BUG: Fix extra decimal places in DataFrame.to_csv() with quoting=csv.QUOTE_NONNUMERIC and float16/float32 dtypes (#60699) #60804

akj2018 · 2025-01-28T01:32:35Z

closes BUG: quoting=csv.QUOTE_NONNUMERIC adds extra decimal places #60699
Tests added and passed
All code checks passed.
Added type annotations to new arguments/methods/functions.
Added an entry in the latest doc/source/whatsnew/v3.0.0.rst file if fixing a bug or adding a new feature.

Resolved by converting floats to strings to preserve decimal representation.
Removed unnecessary quoting=None logic for float arrays.
Added tests for float16, float32, and float64 cases with mixed values.

Issue

Dataframe.to_csv() generates extra decimal places in output when quoting=csv.QUOTE_NONNUMERIC , dataframe's dtype=float16 / float32 and float_format=None.

Reason

Dataframe.to_csv() internally uses get_values_for_csv() and when quoting is specified (=csv.QUOTE_NONNUMERIC), it converts numpy float array to object.
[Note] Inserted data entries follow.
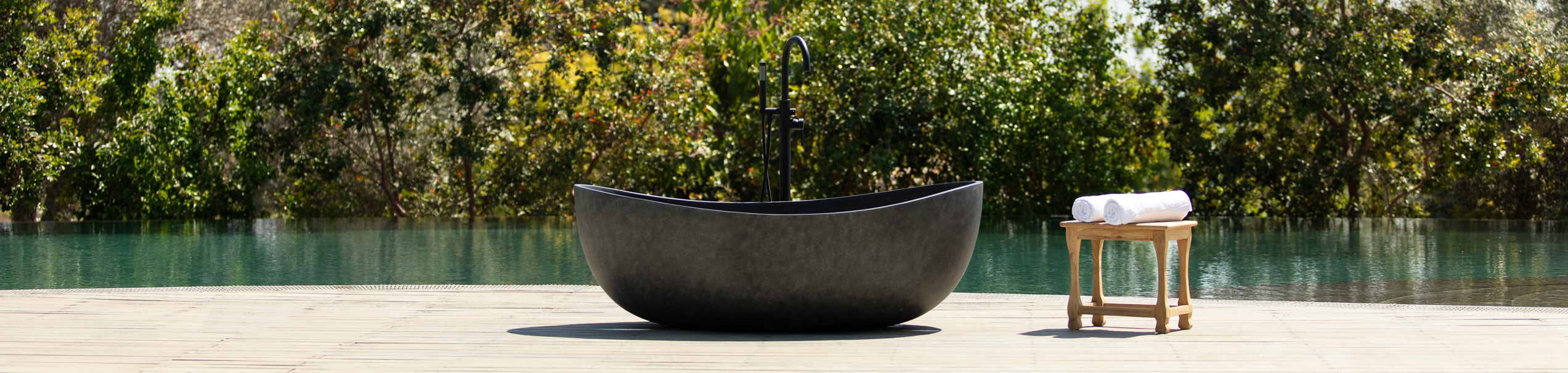 אמבט חוץ INFINITY עשויה תרכובת בטון, בעיצוב מודרני ואלגנטי וב-3 צבעים מתאים לכל מרפסת, חצר וגם לחדרי אמבט.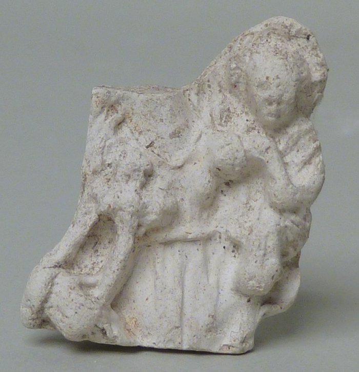 Pijpaarde fragment uit verdronken land van Zuid-Beveland: bovenlijf van Maria met kind op de linkerarm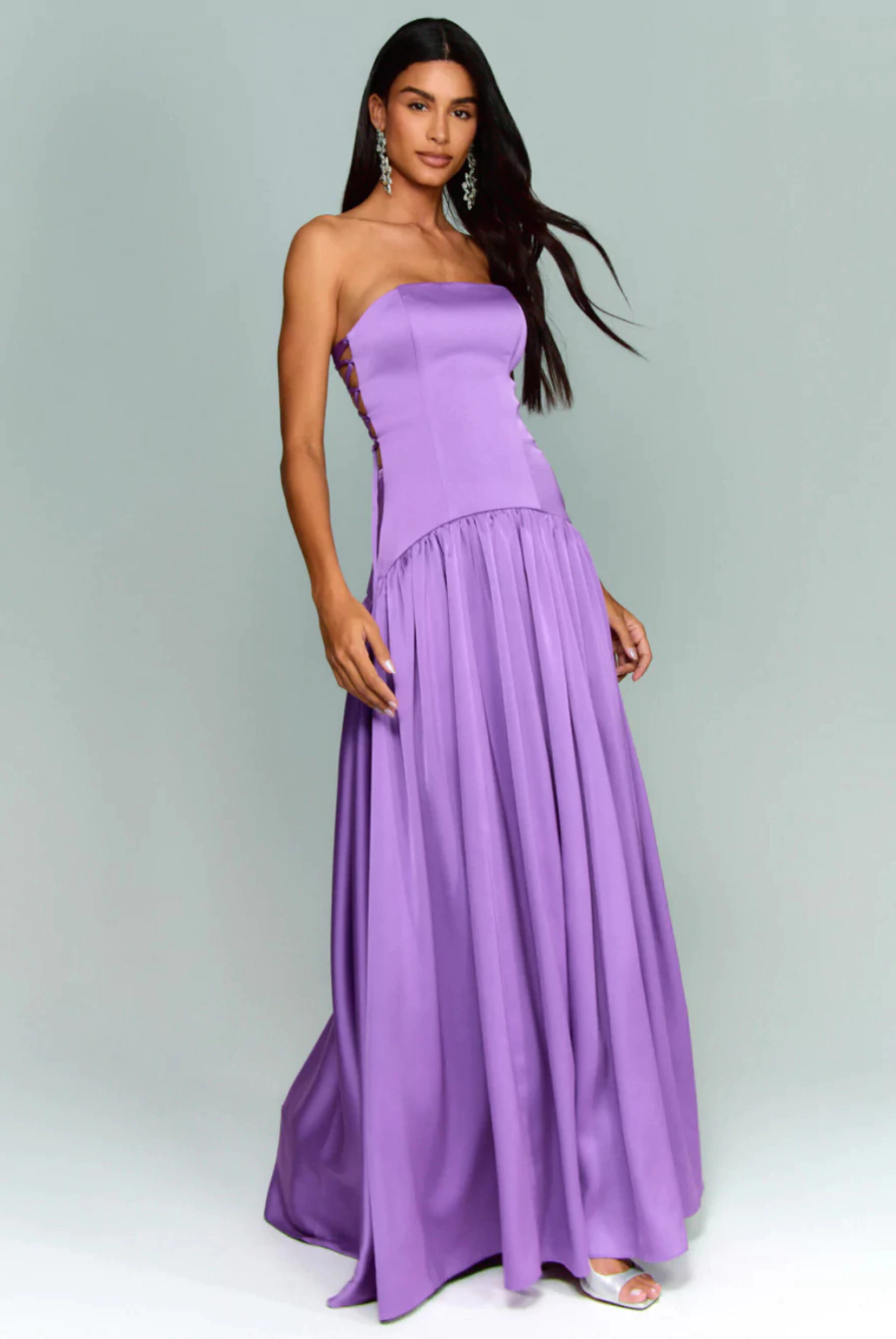 Vestido de festa longo, tomara que caia com decote reto, corpete estruturado e regulagem estilo corset nas laterais. A cintura drop waist alonga a silhueta, enquanto a saia ampla traz o charme do estilo princesa. Possui bojo interno e zíper invisível nas costas.

pandas/pandas/core/indexes/base.py

Lines 7751 to 7765 in 57d2489

    
           elif values.dtype.kind == "f" and not isinstance(values.dtype, SparseDtype): 
        
               # see GH#13418: no special formatting is desired at the 
        
               # output (important for appropriate 'quoting' behaviour), 
        
               # so do not pass it through the FloatArrayFormatter 
        
               if float_format is None and decimal == ".": 
        
                   mask = isna(values) 
        
                   if not quoting: 
        
                       values = values.astype(str) 
        
                   else: 
        
                       values = np.array(values, dtype="object") 
        
                   values[mask] = na_rep 
        
                   values = values.astype(object, copy=False) 
        
                   return values

`np.array(values, dtype="object")` affects `float16`, `float32` and `float64` differently

For float16, float32
- Have limited precision, therefore numbers are stored as approximations rather than exact values (8.57 stored internally in memory as 8.5703125)
- When converted to object array, internal binary representation of the float16 values is stored inside Python's float (equivalent to numpy.float64), which can fully display that exact binary representation
- Therefore, extra decimal places appear in the output for dtype=float16 and dtype=float32 when conversion to dtype=object

arr = np.array([8.57, 0.156, -0.312, 123.3, -54.5, np.nan], dtype=np.float16)
print(arr)
# [  8.57    0.156  -0.312 123.3   -54.5       nan]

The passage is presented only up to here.